Items from a dataset —

------------------------------------------------

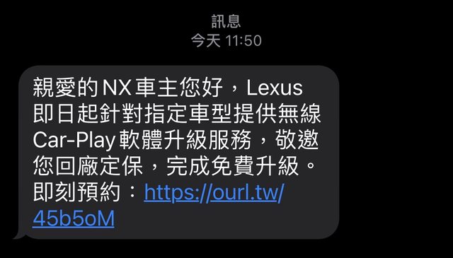 推 Lee7777 : 不要點簡訊裡的網址哦!那看起來像釣魚網站短網址 07/17 16:33
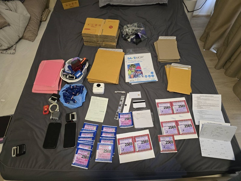 สืบเนื่องจากเจ้าหน้าที่ บก.สส.ภ.1 สืบสวนพบว่ามีการกระทำความผิดฐานปลอมแปลงเอกสารราชการ โดยการจัดทำและจำหน่ายป้ายต่อภาษีรถยนต์ ผ่านช่องทางเข้าเว็บไซต์ มีพฤติการณ์ประกาศโฆษณาและรับปลอมแปลงแผ่นป้ายทะเบียนและแผ่นป้ายวงกลมแสดงการเสียภาษี ผ่านสื่อออนไลน์ซึ่ง ประชาชนทั่วไปสามารถเข้าถึง จึงได้ทำการล่อซื้อแผ่นป้ายทะเบียนและแผ่นป้ายวงกลมแสดงการเสียภาษี และได้โอนเงินชำระค่าสินค้า จากบัญชีธนาคารกรุงไทยซึ่งเป็นบัญชีของสายลับ ไปยังบัญชีธนาคารกสิกรไทย ชื่อบัญชีนายฉัตรมงคล เมื่อวันที่ 14 ก.ย.68 เป็นจำนวนเงิน 4,500 บาท เมื่อได้ทำเอกสารเสร็จแล้ว ตนจะเรียกไรเดอร์นำเอกสารราชการปลอมไปส่งพัสดุที่ร้านที่เคยส่งประจำ
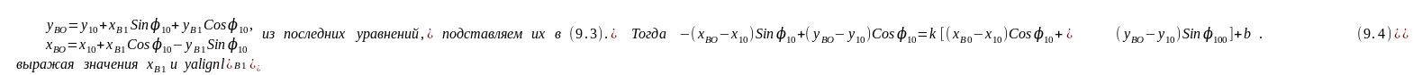 Выражение (9.4) записано через известные координаты центров масс звеньев (тел) 1 и 2, текущую координату точки В (xBO,yBO).
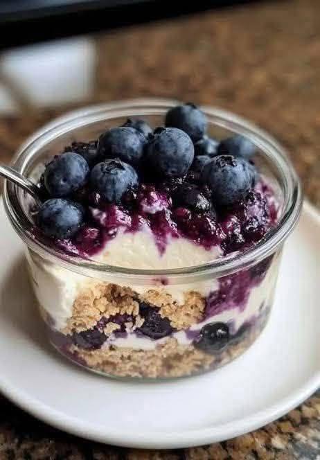 A creamy, crunchy, high-protein yogurt jar layered with blueberry compote, protein-packed Greek yogurt, and granola. Quick, refreshing, and perfect for grab-and-go mornings.
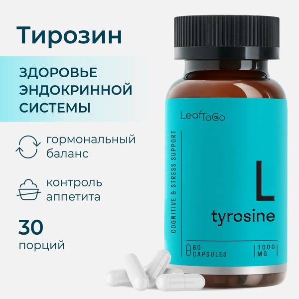 L-Tyrosine, 1000mg, 60 capsules, mood booster, focus enhancer, energy supplement, stress relief, fatigue reduction, cognitive function, thyroid support, weight management, appetite control, muscle growth, protein synthesis, amino acid, LEAFTOGO, supplement, healthy lifestyle.
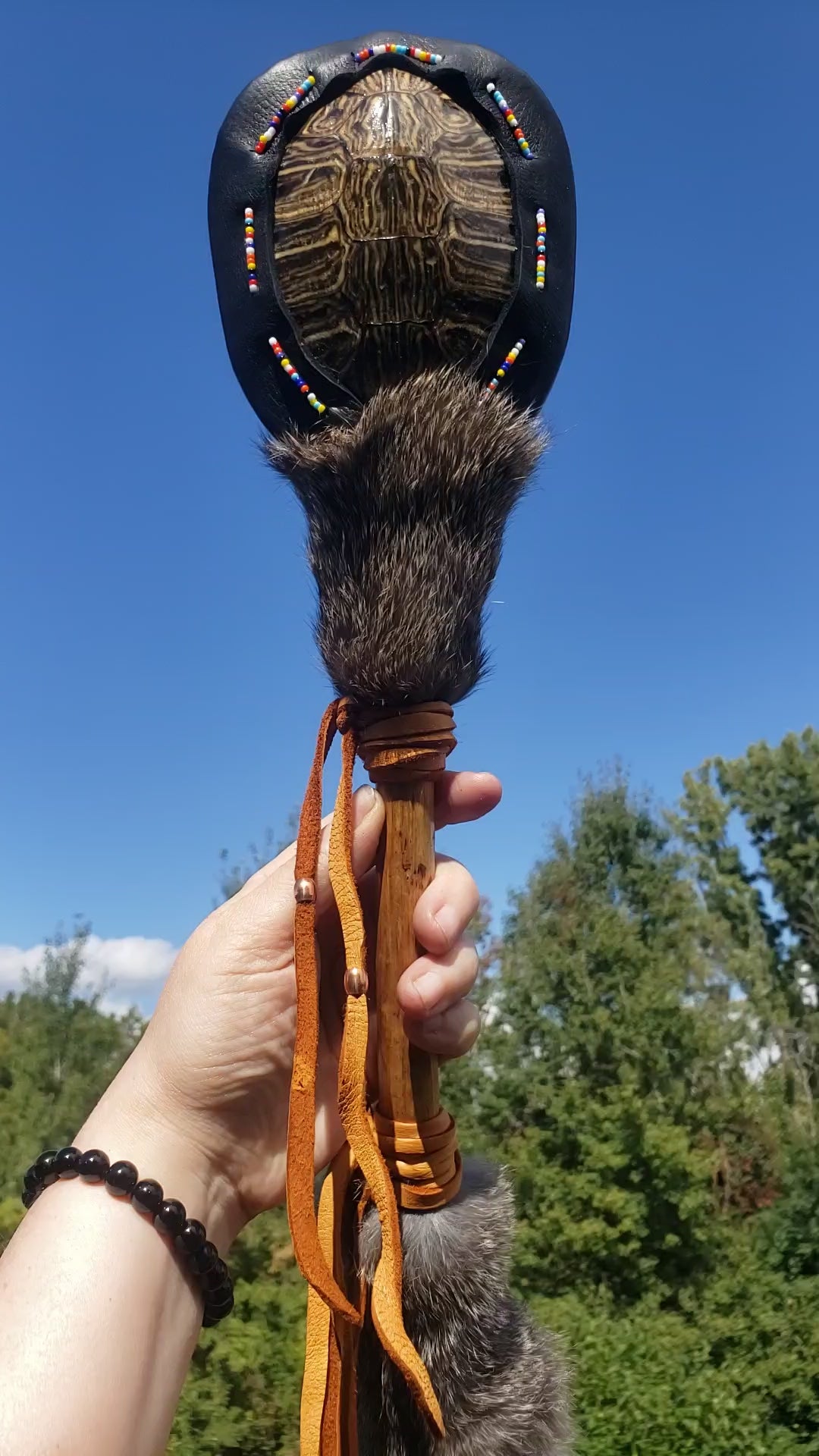 THIS LISTING IS RESERVED FOR PAT, THANK YOU! :) You will receive the exact item shown in this listing: (1) red eared slider turtle shell rattle with driftwood handle, deerskin leather, rabbit fur and seed beadwork.
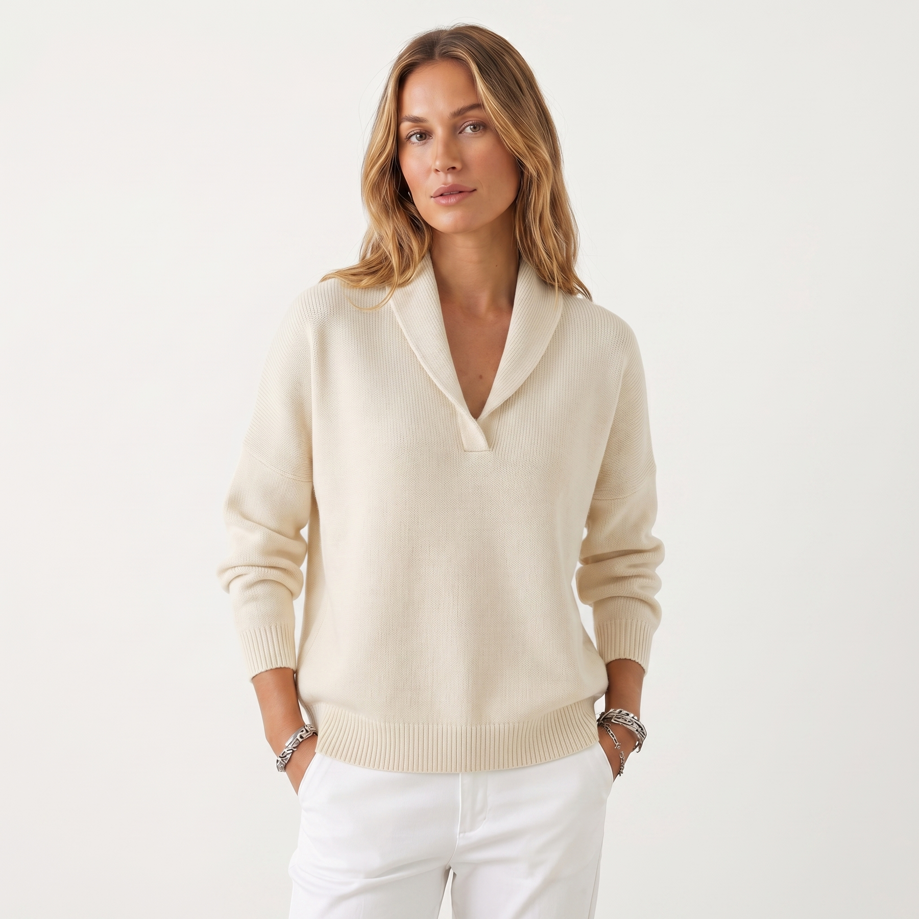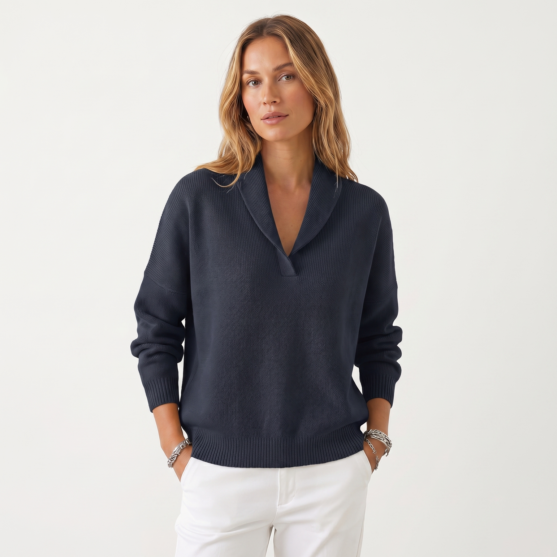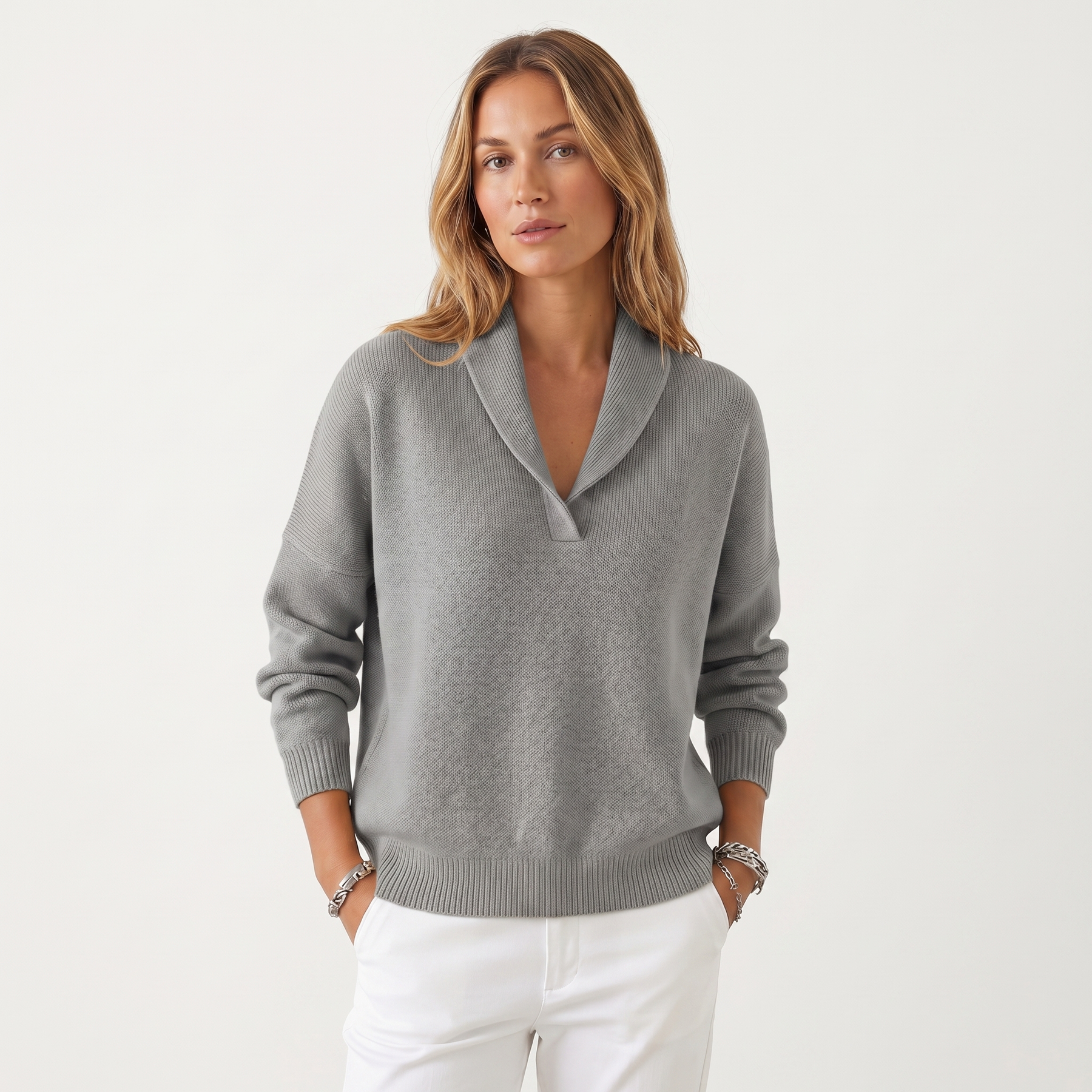 Knitted Sweater - Flattering V-Neckline and Relaxed Fit

------------------------------------------------

Your instructions — Output a verbatim copy of the entries and skip the pictures.

The answer —
 推 Lee7777 : 不要點簡訊裡的網址哦!那看起來像釣魚網站短網址 07/17 16:33
 สืบเนื่องจากเจ้าหน้าที่ บก.สส.ภ.1 สืบสวนพบว่ามีการกระทำความผิดฐานปลอมแปลงเอกสารราชการ โดยการจัดทำและจำหน่ายป้ายต่อภาษีรถยนต์ ผ่านช่องทางเข้าเว็บไซต์ มีพฤติการณ์ประกาศโฆษณาและรับปลอมแปลงแผ่นป้ายทะเบียนและแผ่นป้ายวงกลมแสดงการเสียภาษี ผ่านสื่อออนไลน์ซึ่ง ประชาชนทั่วไปสามารถเข้าถึง จึงได้ทำการล่อซื้อแผ่นป้ายทะเบียนและแผ่นป้ายวงกลมแสดงการเสียภาษี และได้โอนเงินชำระค่าสินค้า จากบัญชีธนาคารกรุงไทยซึ่งเป็นบัญชีของสายลับ ไปยังบัญชีธนาคารกสิกรไทย ชื่อบัญชีนายฉัตรมงคล เมื่อวันที่ 14 ก.ย.68 เป็นจำนวนเงิน 4,500 บาท เมื่อได้ทำเอกสารเสร็จแล้ว ตนจะเรียกไรเดอร์นำเอกสารราชการปลอมไปส่งพัสดุที่ร้านที่เคยส่งประจำ
 Выражение (9.4) записано через известные координаты центров масс звеньев (тел) 1 и 2, текущую координату точки В (xBO,yBO).
 A creamy, crunchy, high-protein yogurt jar layered with blueberry compote, protein-packed Greek yogurt, and granola. Quick, refreshing, and perfect for grab-and-go mornings.
 L-Tyrosine, 1000mg, 60 capsules, mood booster, focus enhancer, energy supplement, stress relief, fatigue reduction, cognitive function, thyroid support, weight management, appetite control, muscle growth, protein synthesis, amino acid, LEAFTOGO, supplement, healthy lifestyle.
 THIS LISTING IS RESERVED FOR PAT, THANK YOU! :) You will receive the exact item shown in this listing: (1) red eared slider turtle shell rattle with driftwood handle, deerskin leather, rabbit fur and seed beadwork.
 Knitted Sweater - Flattering V-Neckline and Relaxed Fit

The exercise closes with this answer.